Figure 2. Purification of 6X His tagged SUMO-G6PDH fusion enzyme. (a) Elution profile of ten fractions collected from nickel agarose. (b) SDS-PAGE of SUMO-G6PDH before, during, and after tag removal by SUMO protease.
Results
G6PDH reduces NAD+ to NADH while oxidizing glucose-6-phosphate. This particular enzyme prefers to use NAD(P)+ as a cofactor, but we used NAD because this substrate is preferred by the NADH oxidase it will be paired with in the future. An activity assay was developed following the absorbance of NADH at 340 nm in a Biotek Synergy H4 Hybrid platereader. The enzyme was activated by phosphate and performed best at pH 7.0 (Figure 3). Interestingly, 100 mM phosphate shifted the Km from 3.6 mM NAD+ (consistent with the available literature) down to 1.7 mM. Thus, including a high concentration of phosphate is a useful approach to conserve relatively expensive NAD+.

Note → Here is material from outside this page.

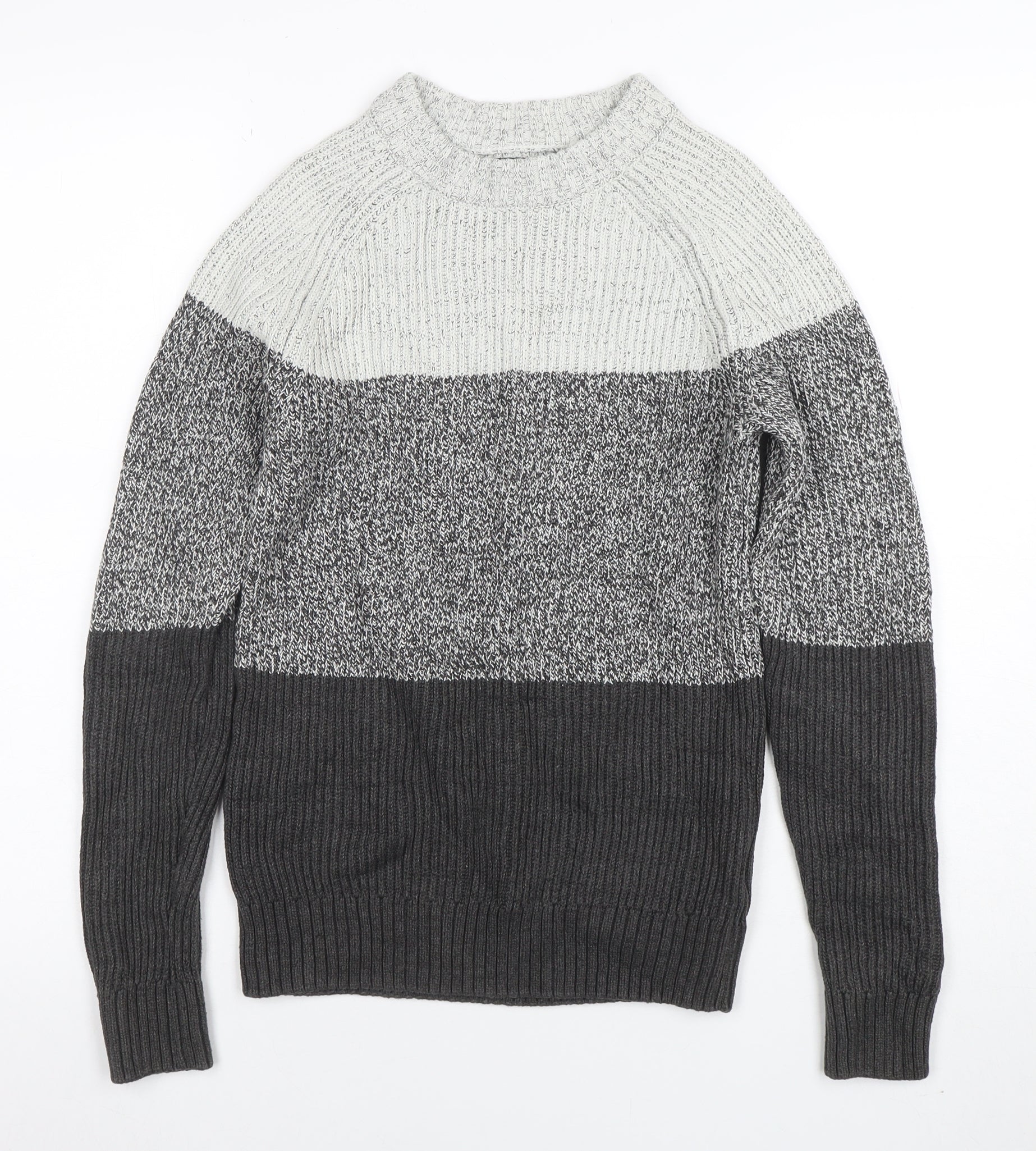 Boys Grey Colourblock Knit Jumper 13 Years Crew Neck Pullover

Figure 3. Conditions for optimal G6PDH activity. (a) pH series in HEPES buffer (b) The result of buffering with HEPES (black) versus phosphate (orange). The pH ranged from 6.8 – 7.5 during NAD+ titration (due to acidity of NAD+).

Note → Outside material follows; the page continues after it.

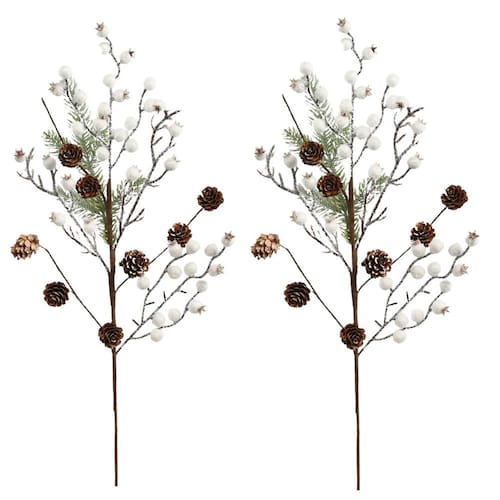 Jogo 2 Galhos Decor Natalino Nevado Rústico com Berries Brancas e 8 Mini Pinhas – 62cm

The activity of G6PDH was regularly measured at 60oC. However, to see the effect of different temperatures activity assays were also conducted at 50, 40, and 30oC. Additionally, G6PDH was divided into parts and incubated at 50, 60, or 70oC prior to activity measurements in order to evaluate the stability of the enzyme over time (Figure 4). The half-life was approximately 5, 10, and 20 hrs at 70oC, 60oC, and 50oC. This suggests that the highest yield over time might be found in the 40 – 50oC range, but this requires more detailed experimentation.
Figure 4. The effect of temperature on G6PDH activity and stability. (a) The activity at different temperatures in a temperature-controlled platereader. (b) The remaining activity after incubating G6PDH at 50, 60, and 70oC.
Conclusion
This enzyme was successfully purified and stored for future coupled enzyme assays with NADH oxidase. The information gathered on buffer conditions and temperature will be needed to plan these future experiments. We are optimistic that it will be a useful tool for characterizing NADH oxidase activity in soluble form, as well as in immobilized form. Purification of this enzyme with the SUMO tag and subsequent removal of the tag with SUMO protease also validated the SUMO system for protein expression for the first time at Solidzymes. This system will be used in the future to facilitate purification and promote solubility of challenging proteins.